We join together in prayers of sanity, that they will silence the insane. We show love to those close to us to send ripples of comfort across a grieving country. We dress the wounds of others that go unnoticed. We bring hope where pain has waited for us to see it. We believe and have courage that this is not all there is. The only salve is loving from where you are with all your heart so that precious children just like these will live on in a better world. God’s comfort on the grieving and give us all hands of healing.
The second half of this song is magnificent. In my soul I hear a transition from looking for others to be my magic to the magic in me, in creation and in the God who has his being.
I didn’t exactly see it coming. But when my body began to respond in discomfort and my mind was responding to my heart with fear and paranoia, I became aware of this place in my journey. I was in a tunnel. I still am in this tunnel. It’s not as though I can wish it away or even pray it away. Much like medications that relieve only the symptoms, we choose to wrestle, worry or flee from our dark moments, yet there are no options for an actual premature exit. It is a tunnel. When we don’t see how we entered we become shocked by the seemingly sudden dark moment we are in. Alone, cold and fearful we become emotionally paralyzed. We wonder what happened. We think we ought not be where we are.

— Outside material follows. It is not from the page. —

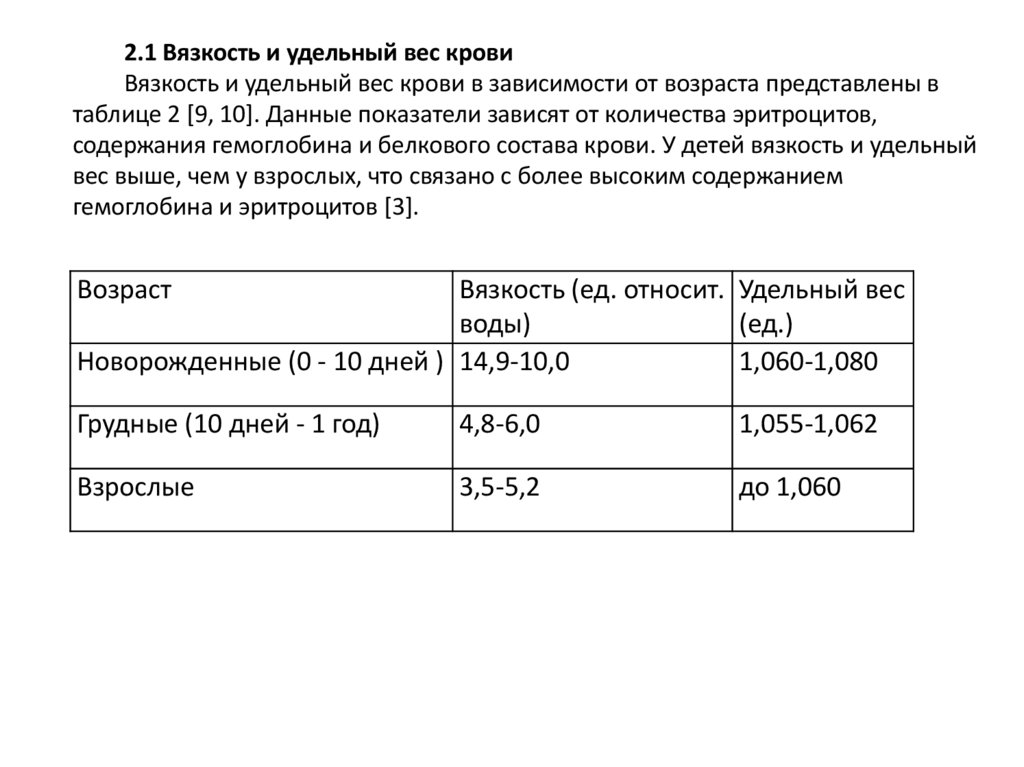 2.1 Вязкость и удельный вес кровиВязкость и удельный вес крови в зависимости от возраста представлены в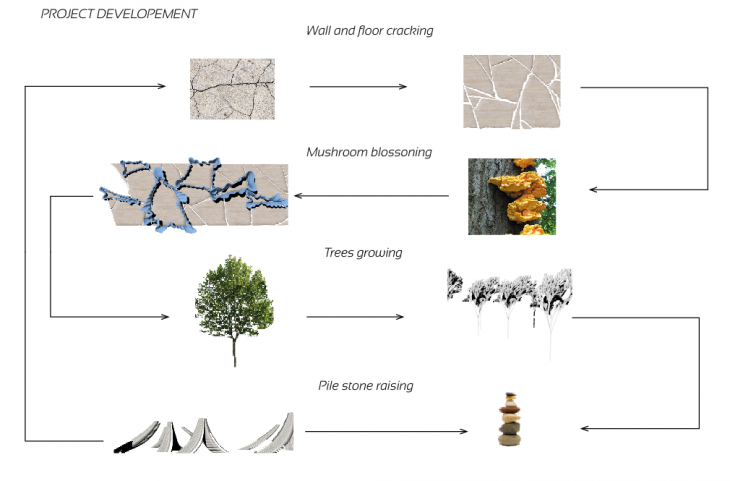 The purpose of this assignment was to create an installation in the Mies Van der Rohe pavilion, using the Grasshopper plug-in, Anemone, as the main tool. The scenario I have imagined for this assignment is a post-apocaliptyc future where a devastating war has completely destoryed our civilization. Not even this Architectural Master piece has been saved from the cathastrophic downfall. The wall and the floor are completely cracked. Disgusting mushrooms, chemically mutated from the nuclear atmosphere , blossom through the cracks. Stone piles represent the memory of the brave warriores,. These piles will remain as a timeless reference. However, new life grows. Fragile sapling are a promising sign of a new begining.

Tunnels are not a destination. Though they are temporary dark places there is an eventual exit. It is a passage. A link between the here and now and what shall be. To the naked weariness of the soul it feels and looks like doom. To the spiritually aware it can become the passage through a mountainous transition. Though dark it is a shortened and smoother trip then the treacherous mountains we’ve been through before. We know how to prepare and cope for these long hikes. The paths are worn having repeated the same journey no matter how risky. This is different. It is only a tunnel. It is disconcerting and even frightful simply because it is different.
This morning I awoke and resisted the temptation to shrink into one of the three (wrestle, worry or flee) as I had the last few days. I made some peppermint tea. I sank into its warmth and refreshment and was tempted to think of what may or not come in my day. Either go back to bed or turn on the TV were my thoughts. Instead I put on my tennis shoes, tapped the Pandora app and began to walk in the coolness of the morning.
I felt a smile come to my face surprised by the last radio station I had played. I put my headphones on and put my iphone in my pocket. A most glorious version of a Sting song from the Symphonicities album began. My breathing became fuller as though I wanted the music in my lungs. Then the melodic melody waltzed with the outdoors around me. (I just walked by the way) I began to see without needing answers. The third eye they call it. Not just beholding beauty and not simply analyzing its origin, but gazing into the wonder of all that is in and around me. Sensing, knowing and understanding without an anxious aim to get relief from the present. Feelings became irrelevant to the truth of the Presence in the tunnel. It is temporary but necessary. Might as well enjoy the music.
So here’s what I heard. The she in this song is God to me this morning. It is the wonder of God that dazzles me. In my human state I hear this song and the romantic in me mourns. The loneliness and disappointments of lost love. In my physical state I feel aches and pains. But it is the awareness of God’s magic that enables me to see the wonder of it all.
Listening I see the magic. And the magic is not in a person or a thing it is in me just as the fear is not in the tunnel it is in me. I can choose to fear and mourn or gaze into the wonder of it all and experience the magic.